§ The data
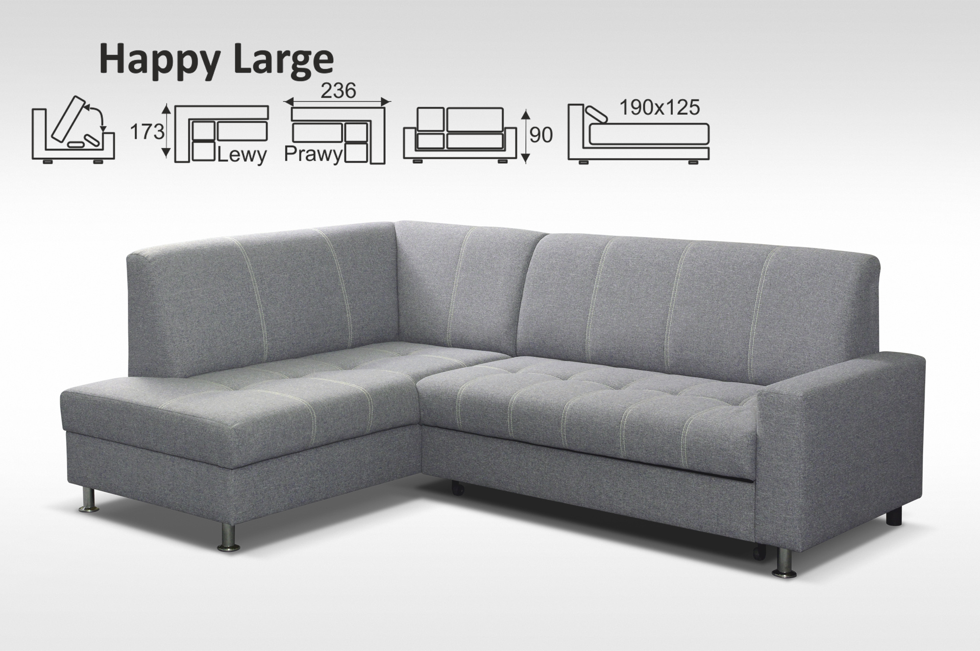 Celkový rozměry: 236 x 173 cm, v. 92 cm, po rozložení 190 x 125 cm, výška sedu - 46 cm
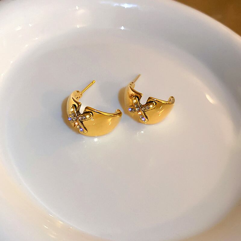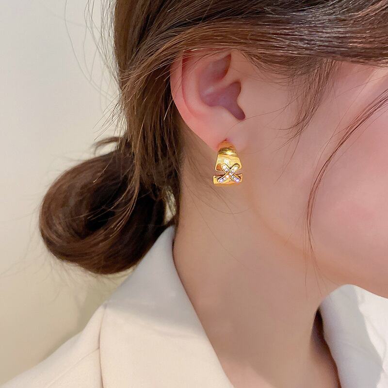 トレンディな 14 18K リアルゴールドメッキ X ジオメトリ C シェイプイヤリング女性ガールジュエリー S925 シルバーニードル AAA ジルコンスタッド 指輪 銀
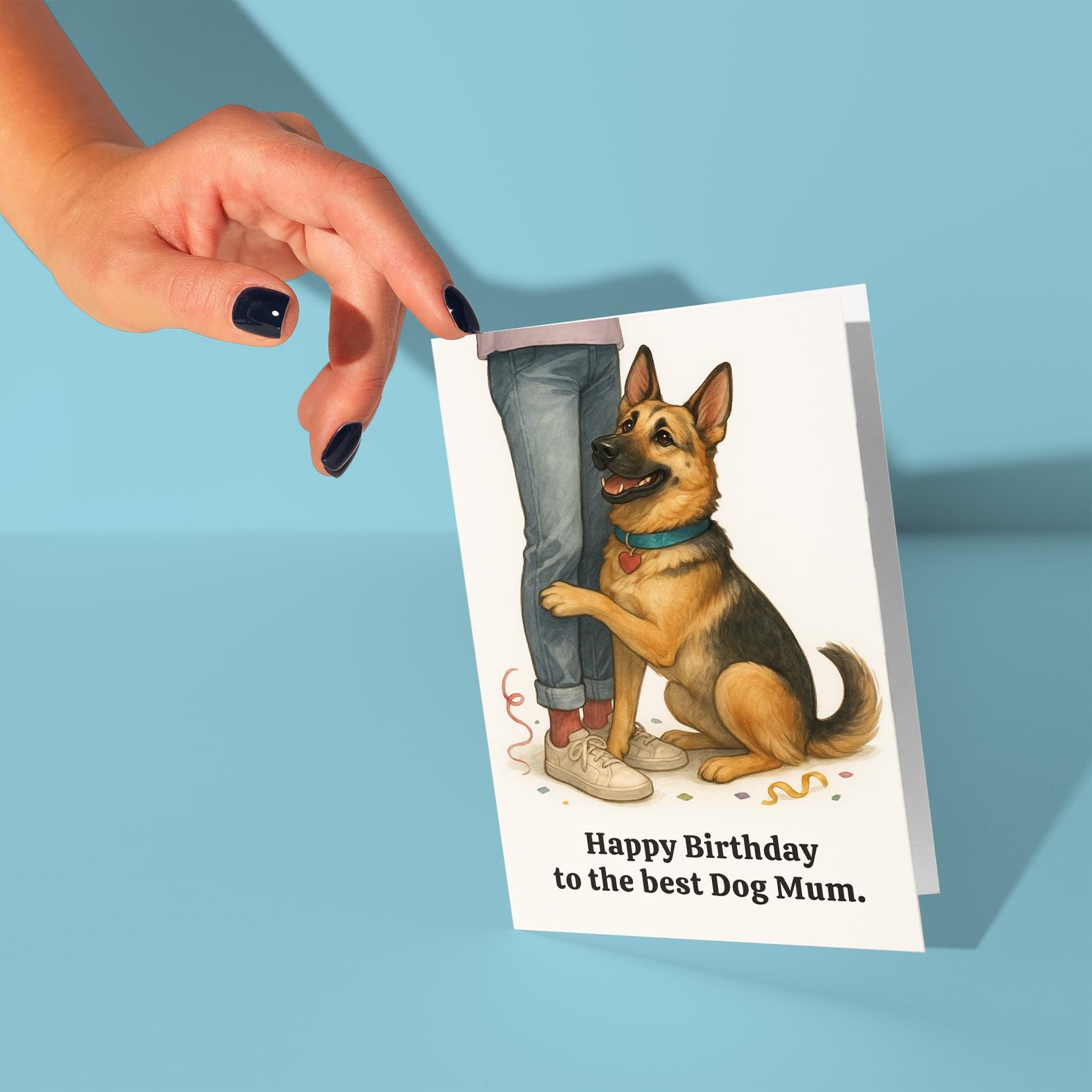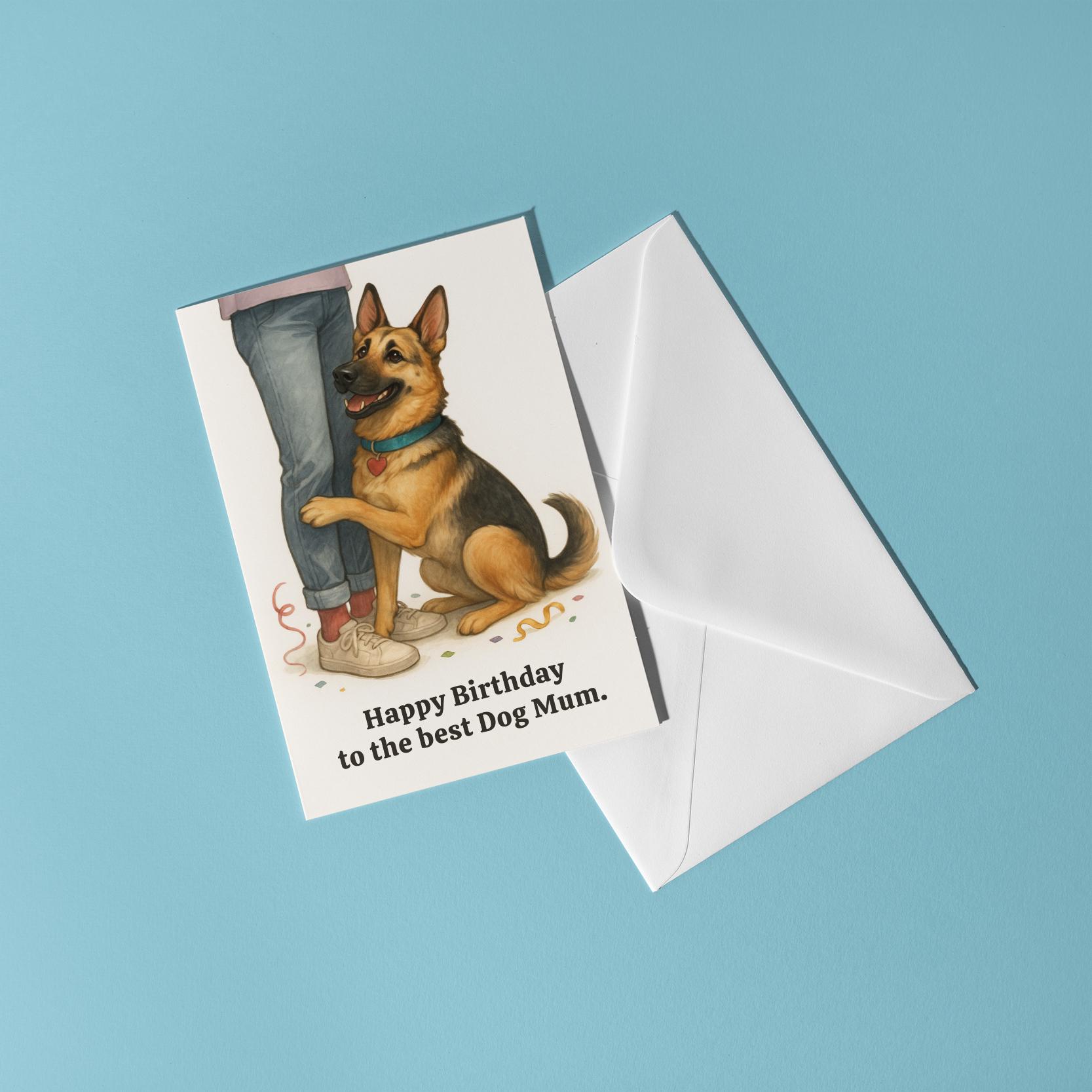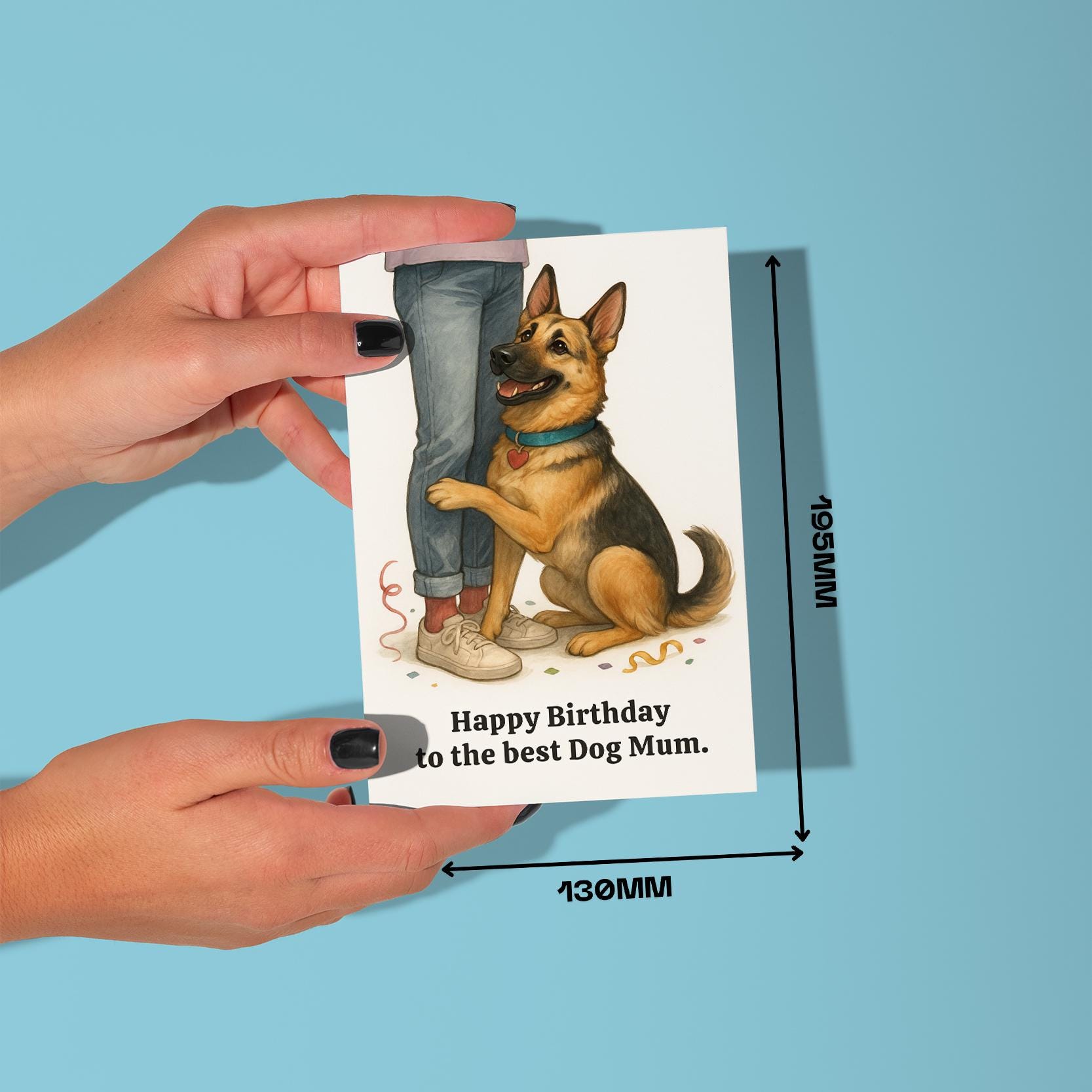 BLANK INTERIOR FOR A PERSONAL TOUCH: My Human Is the Best Collection - German Shepherd dog Happy Birthday to the best dog mum card. A heart-melting series of dog-themed greeting cards celebrating the special bond between pups and their favourite humans. Each design shows adorable doggos expressing pure love, loyalty and joy - perfect for Dog Mums, Dog Dads, and everyone who has a furry best friend - and other whimsical designs feature a blank interior, giving you ample space to write a personal message from the heart. Perfect for any occasion, each card comes with a matching white envelope, making it easy to send your unique sentiments to loved ones.
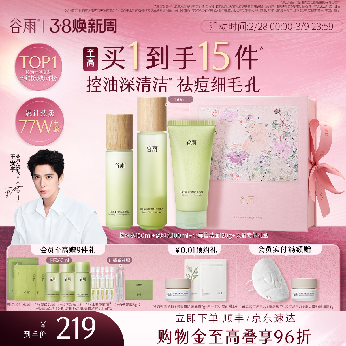 【妇女节礼物】谷雨白千控油水乳套装祛痘淡化痘印松露油皮护肤品

§ Problem statement
Write out exactly the lines above, from the very first through the line containing "トレンディな 14 18K", both kept, with the pictures removed.

§ Solution to this exercise
 Celkový rozměry: 236 x 173 cm, v. 92 cm, po rozložení 190 x 125 cm, výška sedu - 46 cm
 トレンディな 14 18K リアルゴールドメッキ X ジオメトリ C シェイプイヤリング女性ガールジュエリー S925 シルバーニードル AAA ジルコンスタッド 指輪 銀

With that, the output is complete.